Commenting on the findings, John Krystal, MD, Editor of Biological Psychiatry, says, “Arachidonic acid is typically a widely present omega-6 fatty acid in the body and brain that contributes to the health of cell membranes. This study provides a fascinating step forward in the effort to develop blood biomarkers of bipolar disorder risk, particularly in those patients with bipolar disorder and risk gene variations in the FADS1/2/3 gene cluster.”
Dr. Stacey notes, “Intriguingly, we observed a pattern whereby a genetic propensity to higher levels of lipids containing an arachidonic acid fatty acid side chain was associated with a lower risk of bipolar disorder, while the inverse was true of lipids containing a linoleic acid side chain. Since arachidonic acid is synthesized from linoleic acid in the liver, this suggests arachidonic acid synthesizing pathways are important for bipolar disorder.”

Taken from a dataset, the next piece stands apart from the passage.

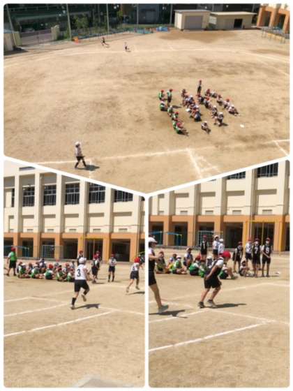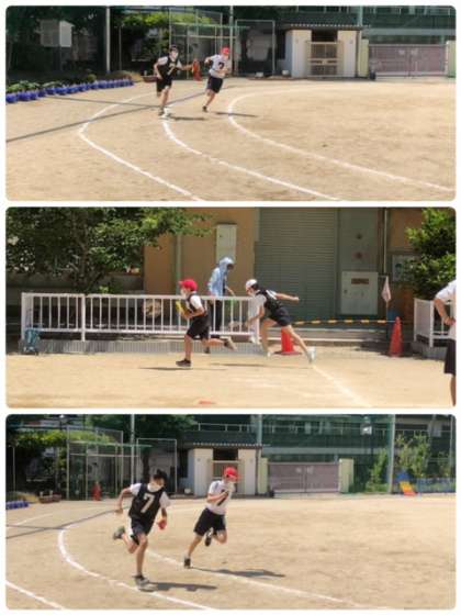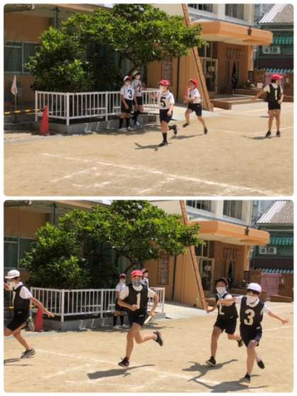 日に日に成長する、6年生のリレー。今日は、牛乳キャップを目印にして、走り出しのタイミングを意識していました。その後、バトンパスの練習。まだまだ上手くなりそうです。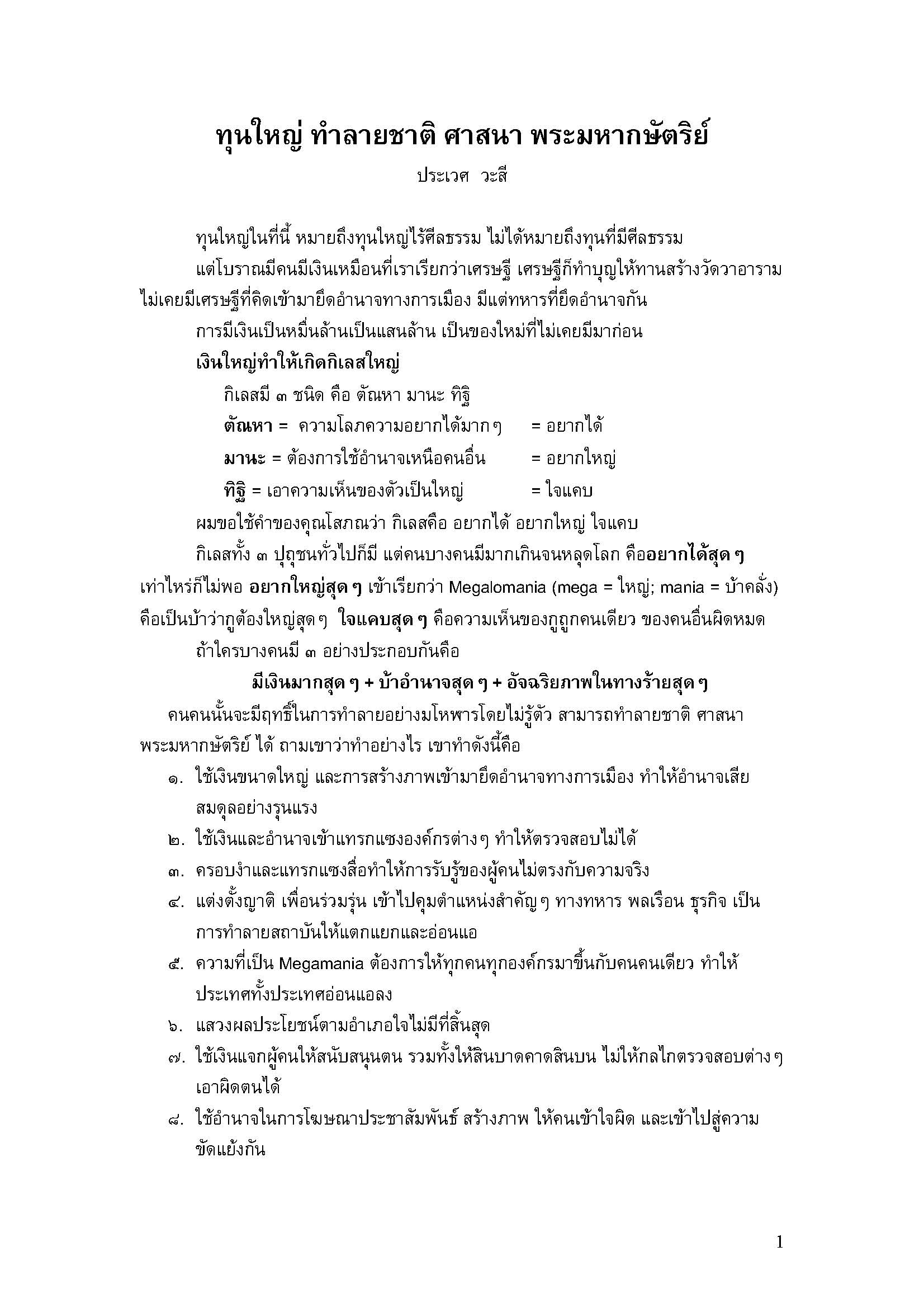 ทุนใหญ่ ทำลายชาติ ศาสนา พระมหากษัตริย์

Given its presence in human milk, arachidonic acid is considered essential for infant brain development and is added to infant formula in many countries. Therefore, it may exert an effect on bipolar disorder risk by affecting neurodevelopmental pathways, which would be consistent with contemporary views of bipolar disorder as a neurodevelopmental disorder. Arachidonic acid can be sourced directly from meat and seafood products or synthesized from dietary linoleic acid (e.g., nuts, seeds, and oils).
Dr. Stacey concludes, “To our knowledge, ours is the first study to highlight a potential causal role between arachidonic acid and bipolar disorder. Preclinical studies and randomized controlled trials will be necessary to determine the preventive or therapeutic value of arachidonic acid supplements, perhaps with a particular focus on people with a compromised arachidonic acid synthesizing pathway or with poor natural dietary sources. Our findings also support potential avenues for precision health interventions focused on early life nutrition to ensure that infants and children are receiving enough arachidonic acid and other polyunsaturated fatty acids to support optimal brain development, which may also reduce the risk of bipolar disorder.”